The markets are less sanguine, and not just about the damaging effects of a Greek default, but about the survival of the euro itself. Italian five-year credit-default swap contracts, which insure against defaults by governments, point to a worryingly high 30 percent probability of an Italian default. Given that Italy's debt market is one of the largest in the world and too big to save, only the most optimistic German policymaker could pretend that the euro could be saved after a default by Rome.
Unfortunately, these optimistic, yet dogmatic German policymakers are in plentiful supply. As the crisis has shifted from the periphery of the euro zone to the core, rather than raising their game and taking incisive action to boost market confidence in the single currency, German policymakers have been found wanting. Such is their state of denial that one of them, the country's foreign minister Guido Westerwelle, even spoke of the damage being done to market confidence by the ratings agencies' decisions.

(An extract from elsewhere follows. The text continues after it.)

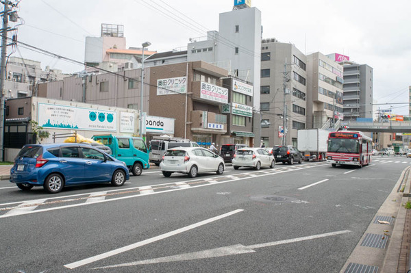 反対方向へ行くとすぐ交差点があり、左折すると枚方市駅北口ロータリーに。交差点右側には関西医大などがあります。

In fact, it was the German suggestion in 2010 that holders of Greek debt should not expect to be repaid in full that first created uncertainty in the bond market. This was the first time that a chink appeared in the notion of zero risk European sovereign debt, leaving bond investors asking how risky their other holdings of European government debt might be. The damage was done.
Unlike Herr Westerwelle, Chancellor of the Exchequer George Osborne sees the current problems as stemming from a failure on the part of the euro zone to "provide confidence to the market that they will stand behind their own currency." The S&P downgrades have, thus far, had relatively little effect on the markets, since they largely reflect what investors already know about the inadequacy of the German response to the crisis.
Chancellor Merkel and her policymakers have been acting on the basis that Greece is an isolated case. Yet every reactive decision and feeble measure by Berlin increases the likelihood of a Greek tragedy becoming a Europe-wide one. That will be one elephant and one crazy person that the Germans won't be able to ignore so easily.